* [Task brief]
Set down each line of the data below exactly as it stands, dropping the pictures.

────────────────────

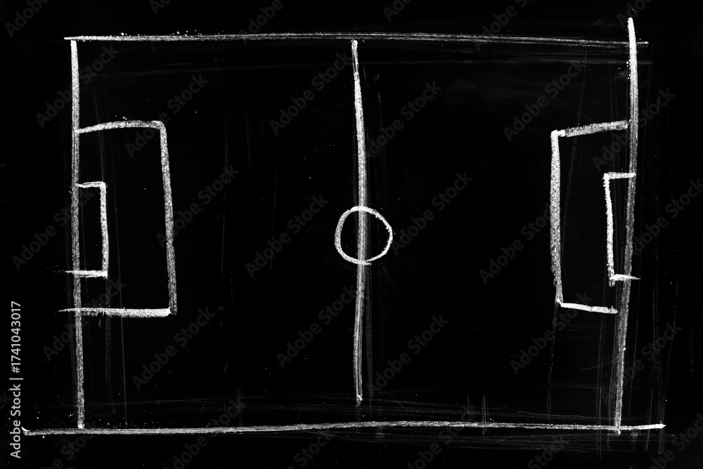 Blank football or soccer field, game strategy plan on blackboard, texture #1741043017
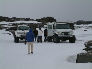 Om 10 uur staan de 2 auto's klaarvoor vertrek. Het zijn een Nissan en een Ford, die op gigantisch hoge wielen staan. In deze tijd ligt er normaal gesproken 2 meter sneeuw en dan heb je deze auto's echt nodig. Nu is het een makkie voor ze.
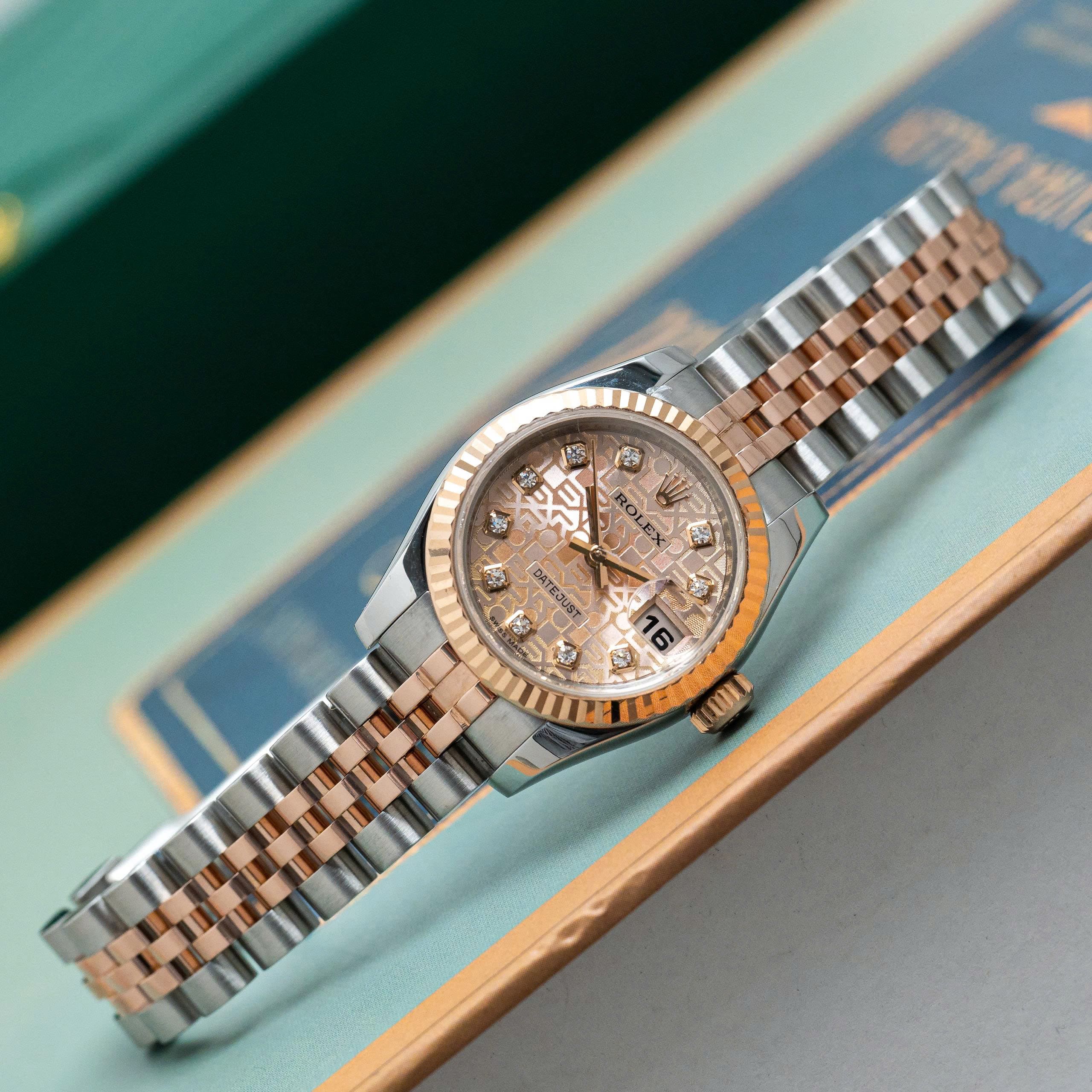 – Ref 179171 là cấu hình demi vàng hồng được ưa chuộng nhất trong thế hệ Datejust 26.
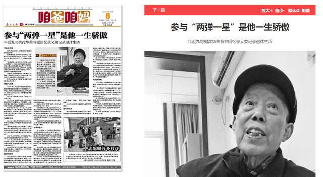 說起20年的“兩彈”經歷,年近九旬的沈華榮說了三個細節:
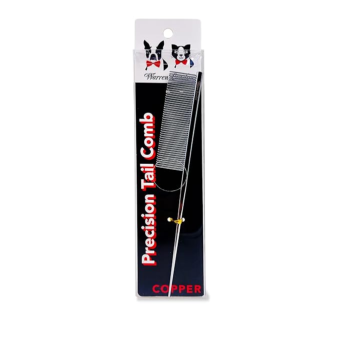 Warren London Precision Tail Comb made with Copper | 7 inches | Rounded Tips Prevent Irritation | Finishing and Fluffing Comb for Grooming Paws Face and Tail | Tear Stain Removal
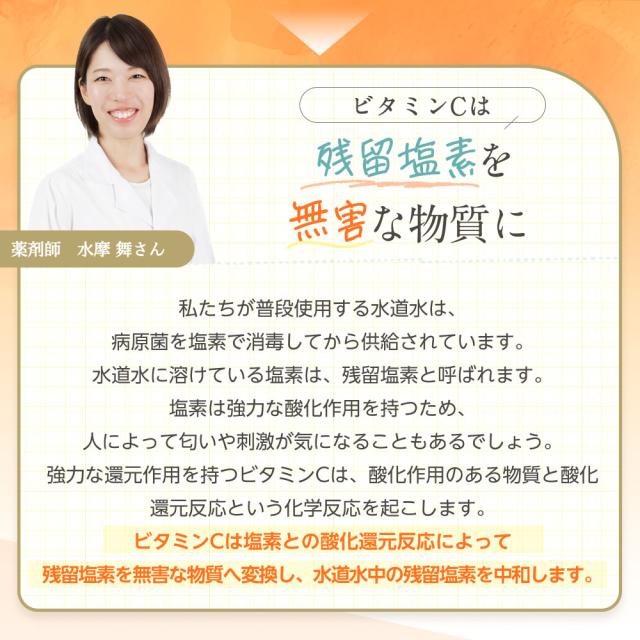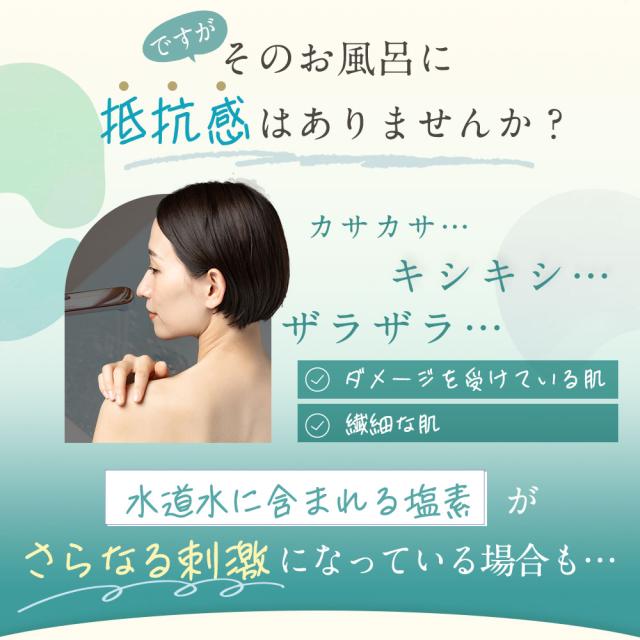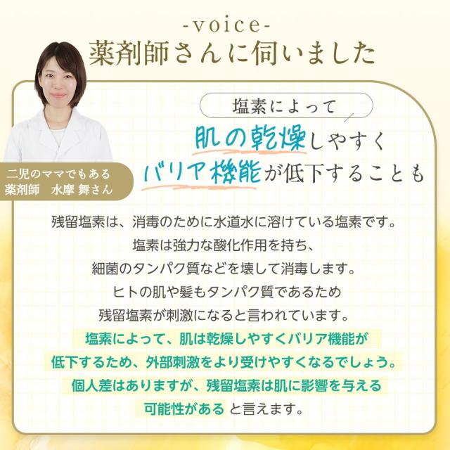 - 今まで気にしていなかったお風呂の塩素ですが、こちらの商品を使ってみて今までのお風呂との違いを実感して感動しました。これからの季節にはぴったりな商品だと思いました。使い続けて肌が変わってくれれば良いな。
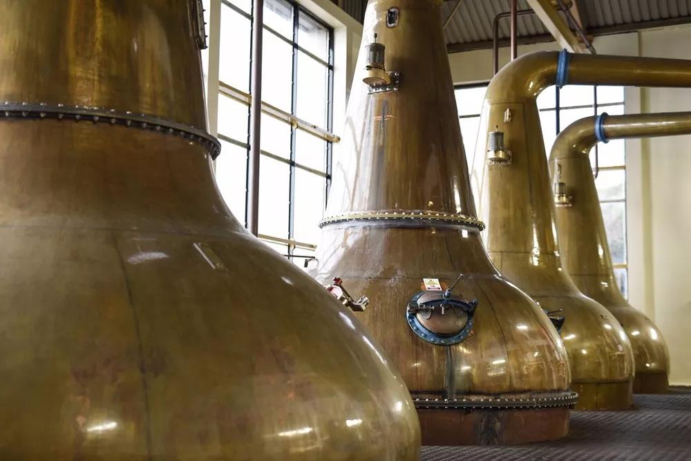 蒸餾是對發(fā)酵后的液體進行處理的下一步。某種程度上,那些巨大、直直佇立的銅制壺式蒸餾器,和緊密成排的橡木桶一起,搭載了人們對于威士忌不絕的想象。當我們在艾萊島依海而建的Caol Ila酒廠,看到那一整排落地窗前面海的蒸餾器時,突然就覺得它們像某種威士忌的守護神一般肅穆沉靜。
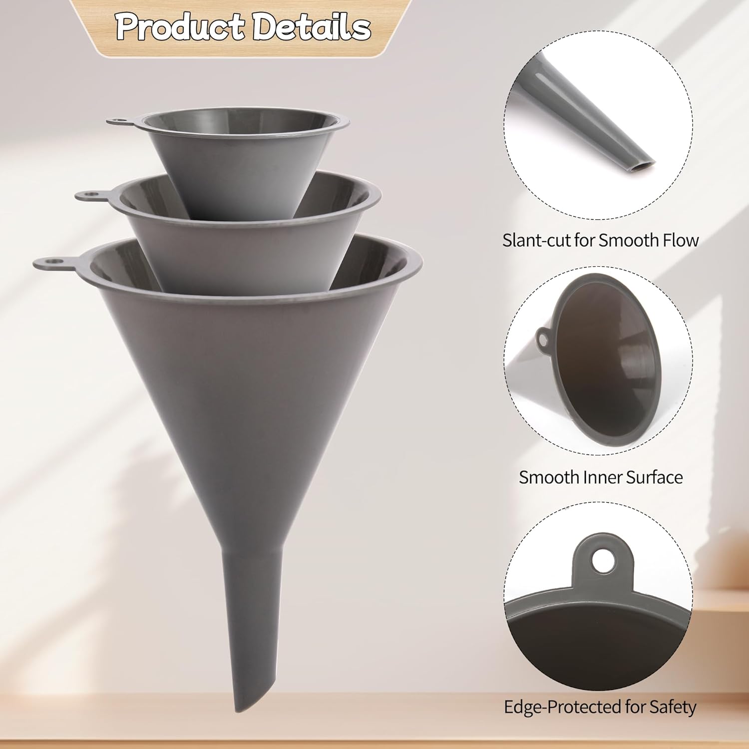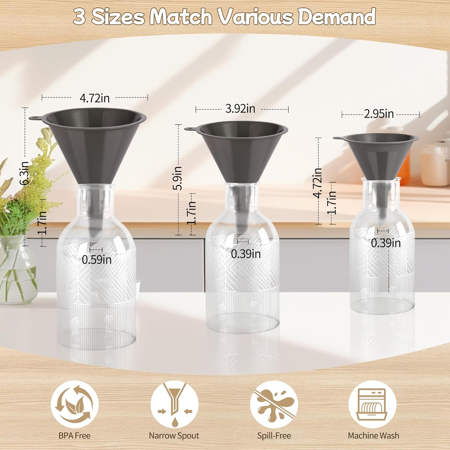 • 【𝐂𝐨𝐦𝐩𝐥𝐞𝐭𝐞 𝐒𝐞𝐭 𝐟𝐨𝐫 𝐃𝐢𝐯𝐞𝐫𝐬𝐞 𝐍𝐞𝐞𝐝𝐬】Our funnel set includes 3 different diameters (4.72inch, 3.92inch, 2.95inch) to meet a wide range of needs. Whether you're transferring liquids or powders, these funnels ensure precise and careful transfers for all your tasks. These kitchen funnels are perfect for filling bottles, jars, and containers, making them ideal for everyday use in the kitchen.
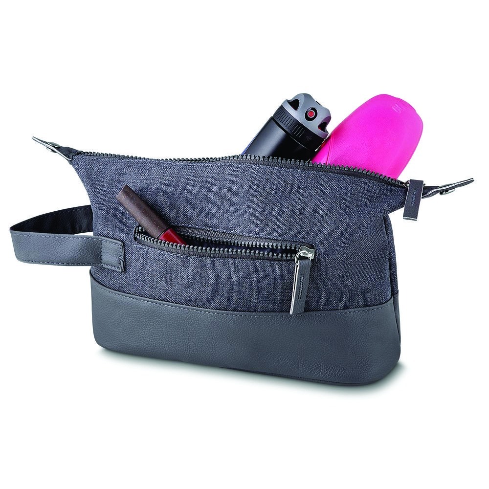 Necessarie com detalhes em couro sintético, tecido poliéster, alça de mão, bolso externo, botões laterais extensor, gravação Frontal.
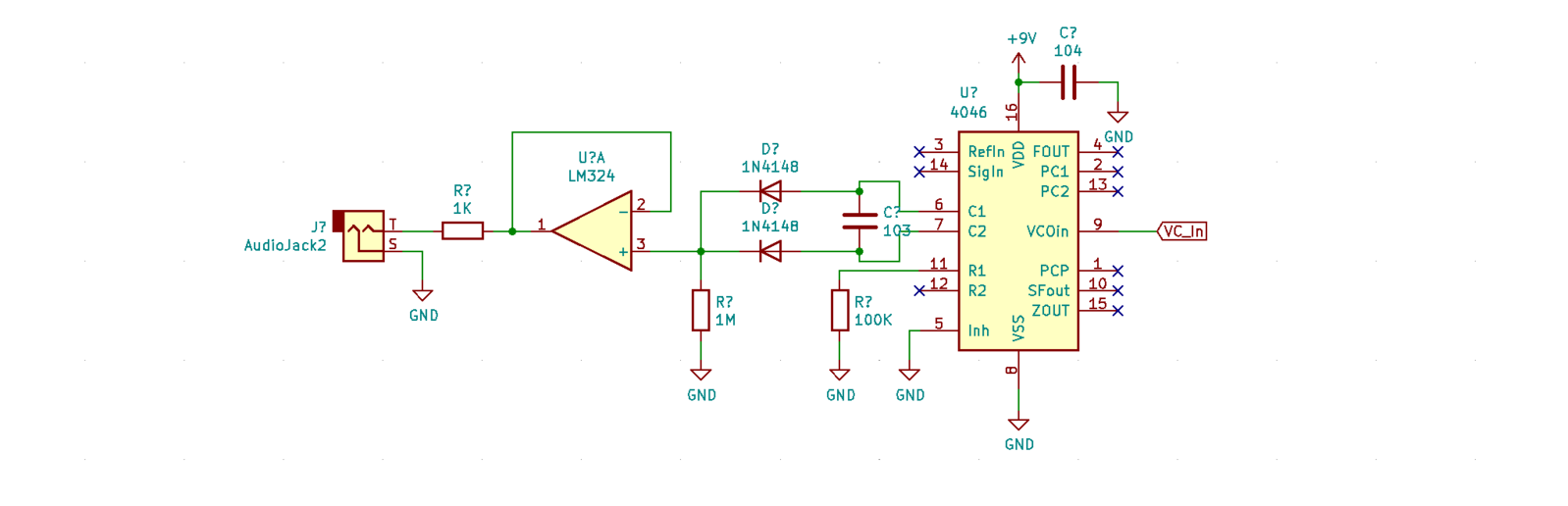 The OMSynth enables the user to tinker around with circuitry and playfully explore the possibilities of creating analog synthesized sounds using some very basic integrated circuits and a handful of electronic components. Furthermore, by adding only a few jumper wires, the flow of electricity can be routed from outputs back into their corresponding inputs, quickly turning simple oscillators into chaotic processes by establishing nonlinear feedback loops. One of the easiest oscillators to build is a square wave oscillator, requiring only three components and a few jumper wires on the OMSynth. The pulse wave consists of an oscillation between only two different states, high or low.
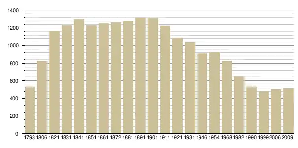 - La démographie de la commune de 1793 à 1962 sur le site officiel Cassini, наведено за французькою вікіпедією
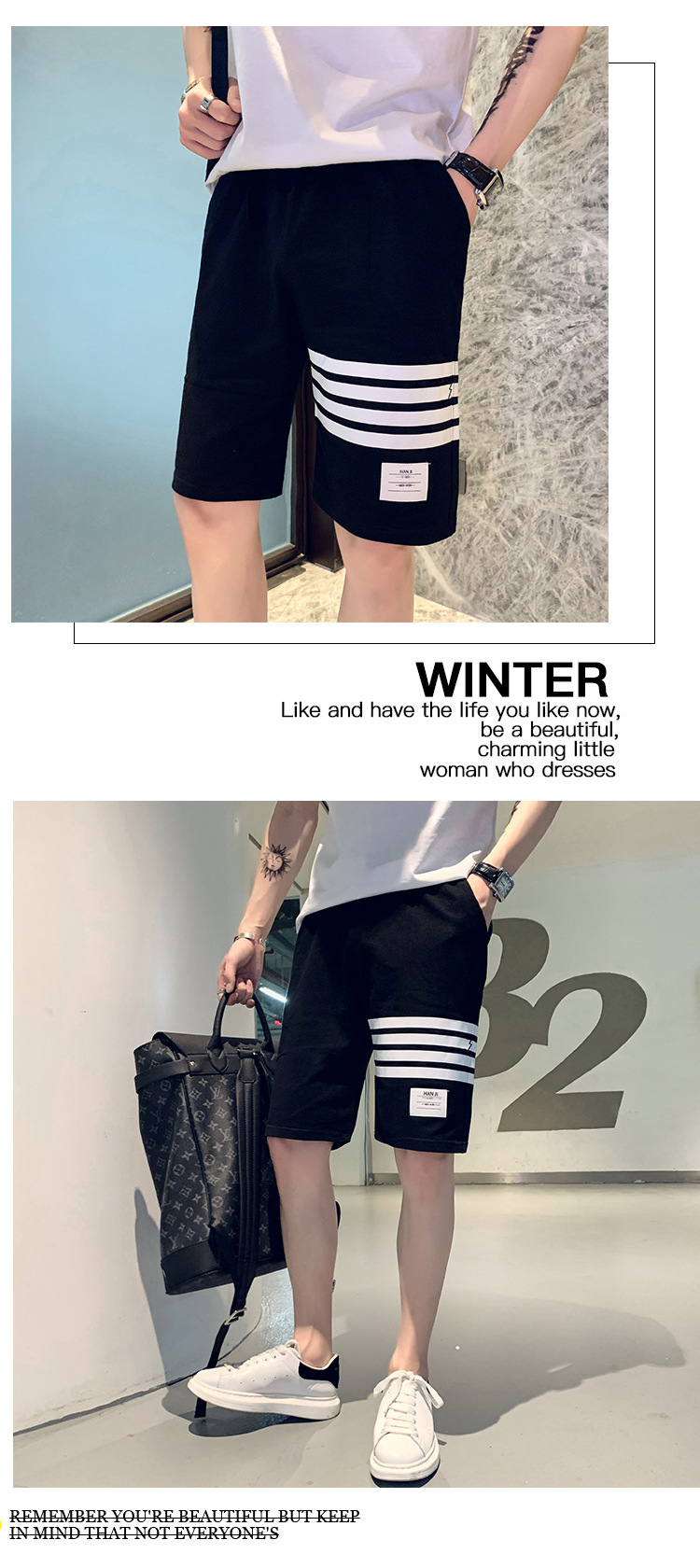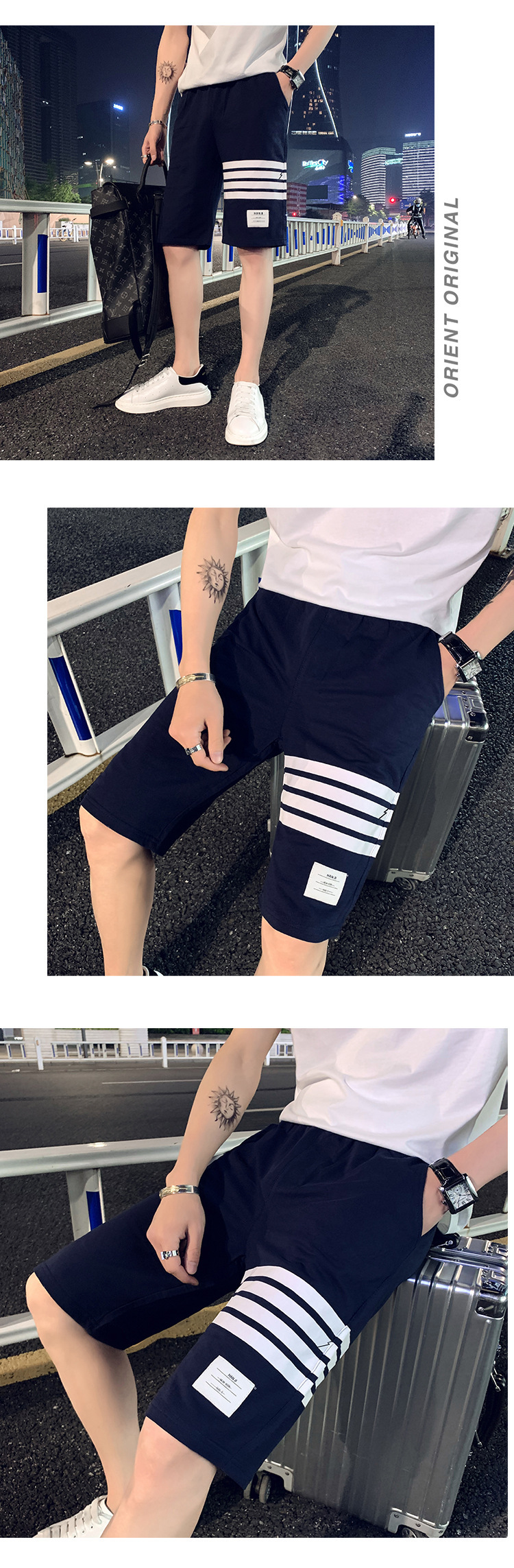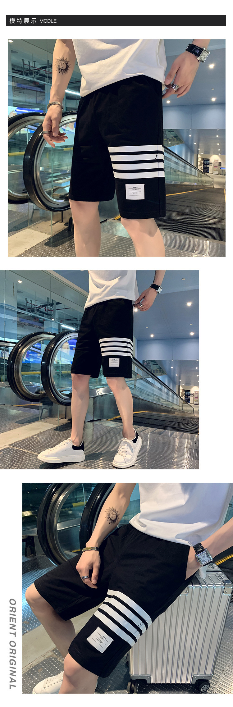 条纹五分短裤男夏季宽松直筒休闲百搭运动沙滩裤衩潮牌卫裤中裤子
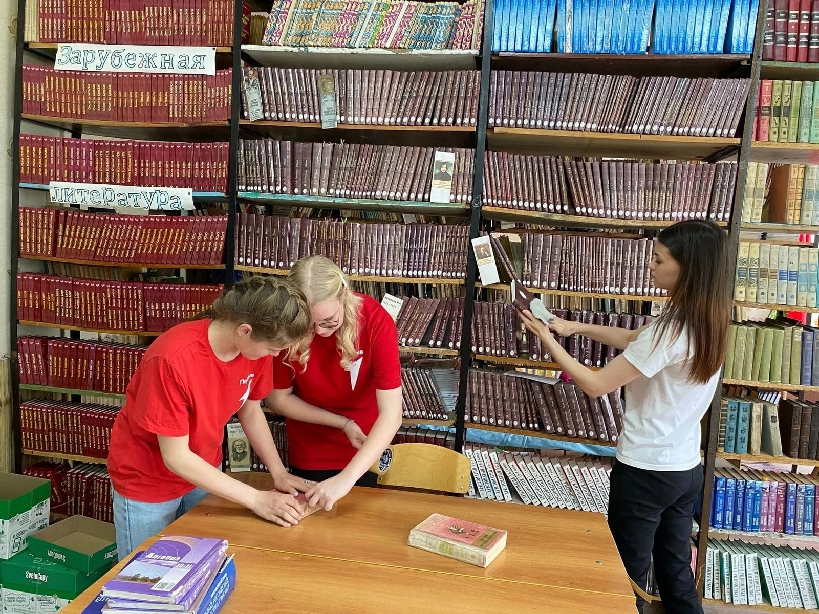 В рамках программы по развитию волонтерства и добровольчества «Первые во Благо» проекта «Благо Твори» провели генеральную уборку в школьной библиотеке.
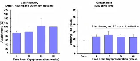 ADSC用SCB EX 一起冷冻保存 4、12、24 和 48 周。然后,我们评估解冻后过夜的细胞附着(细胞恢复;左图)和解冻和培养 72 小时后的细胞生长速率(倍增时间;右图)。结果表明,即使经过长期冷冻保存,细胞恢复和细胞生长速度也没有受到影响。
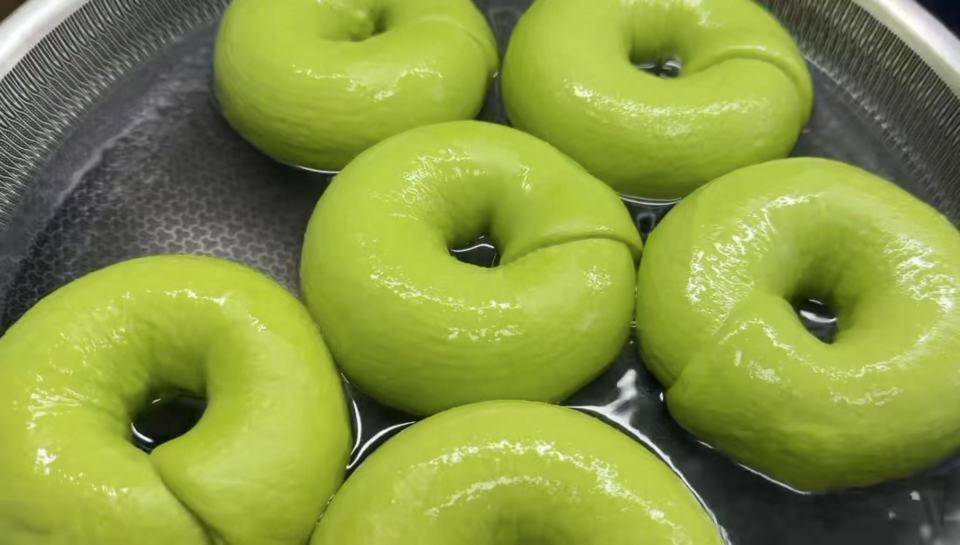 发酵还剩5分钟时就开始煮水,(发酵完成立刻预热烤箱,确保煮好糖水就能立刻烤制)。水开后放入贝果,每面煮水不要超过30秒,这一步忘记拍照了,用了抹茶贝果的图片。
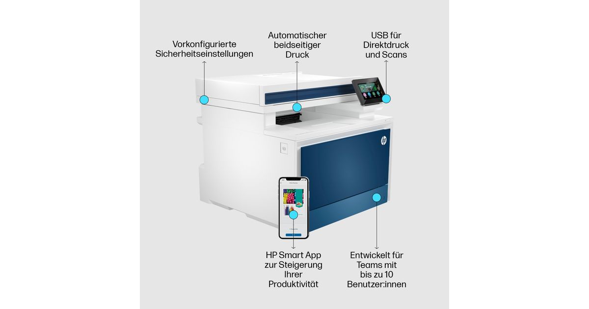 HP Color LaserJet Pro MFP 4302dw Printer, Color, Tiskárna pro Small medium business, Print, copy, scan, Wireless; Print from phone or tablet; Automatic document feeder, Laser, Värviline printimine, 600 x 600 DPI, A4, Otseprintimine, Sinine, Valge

────────────────────

* [Written reply]
 Blank football or soccer field, game strategy plan on blackboard, texture #1741043017
 Om 10 uur staan de 2 auto's klaarvoor vertrek. Het zijn een Nissan en een Ford, die op gigantisch hoge wielen staan. In deze tijd ligt er normaal gesproken 2 meter sneeuw en dan heb je deze auto's echt nodig. Nu is het een makkie voor ze.
 – Ref 179171 là cấu hình demi vàng hồng được ưa chuộng nhất trong thế hệ Datejust 26.
 說起20年的“兩彈”經歷,年近九旬的沈華榮說了三個細節:
 Warren London Precision Tail Comb made with Copper | 7 inches | Rounded Tips Prevent Irritation | Finishing and Fluffing Comb for Grooming Paws Face and Tail | Tear Stain Removal
 - 今まで気にしていなかったお風呂の塩素ですが、こちらの商品を使ってみて今までのお風呂との違いを実感して感動しました。これからの季節にはぴったりな商品だと思いました。使い続けて肌が変わってくれれば良いな。
 蒸餾是對發(fā)酵后的液體進行處理的下一步。某種程度上,那些巨大、直直佇立的銅制壺式蒸餾器,和緊密成排的橡木桶一起,搭載了人們對于威士忌不絕的想象。當我們在艾萊島依海而建的Caol Ila酒廠,看到那一整排落地窗前面海的蒸餾器時,突然就覺得它們像某種威士忌的守護神一般肅穆沉靜。
 • 【𝐂𝐨𝐦𝐩𝐥𝐞𝐭𝐞 𝐒𝐞𝐭 𝐟𝐨𝐫 𝐃𝐢𝐯𝐞𝐫𝐬𝐞 𝐍𝐞𝐞𝐝𝐬】Our funnel set includes 3 different diameters (4.72inch, 3.92inch, 2.95inch) to meet a wide range of needs. Whether you're transferring liquids or powders, these funnels ensure precise and careful transfers for all your tasks. These kitchen funnels are perfect for filling bottles, jars, and containers, making them ideal for everyday use in the kitchen.
 Necessarie com detalhes em couro sintético, tecido poliéster, alça de mão, bolso externo, botões laterais extensor, gravação Frontal.
 The OMSynth enables the user to tinker around with circuitry and playfully explore the possibilities of creating analog synthesized sounds using some very basic integrated circuits and a handful of electronic components. Furthermore, by adding only a few jumper wires, the flow of electricity can be routed from outputs back into their corresponding inputs, quickly turning simple oscillators into chaotic processes by establishing nonlinear feedback loops. One of the easiest oscillators to build is a square wave oscillator, requiring only three components and a few jumper wires on the OMSynth. The pulse wave consists of an oscillation between only two different states, high or low.
 - La démographie de la commune de 1793 à 1962 sur le site officiel Cassini, наведено за французькою вікіпедією
 条纹五分短裤男夏季宽松直筒休闲百搭运动沙滩裤衩潮牌卫裤中裤子
 В рамках программы по развитию волонтерства и добровольчества «Первые во Благо» проекта «Благо Твори» провели генеральную уборку в школьной библиотеке.
 ADSC用SCB EX 一起冷冻保存 4、12、24 和 48 周。然后,我们评估解冻后过夜的细胞附着(细胞恢复;左图)和解冻和培养 72 小时后的细胞生长速率(倍增时间;右图)。结果表明,即使经过长期冷冻保存,细胞恢复和细胞生长速度也没有受到影响。
 发酵还剩5分钟时就开始煮水,(发酵完成立刻预热烤箱,确保煮好糖水就能立刻烤制)。水开后放入贝果,每面煮水不要超过30秒,这一步忘记拍照了,用了抹茶贝果的图片。
 HP Color LaserJet Pro MFP 4302dw Printer, Color, Tiskárna pro Small medium business, Print, copy, scan, Wireless; Print from phone or tablet; Automatic document feeder, Laser, Värviline printimine, 600 x 600 DPI, A4, Otseprintimine, Sinine, Valge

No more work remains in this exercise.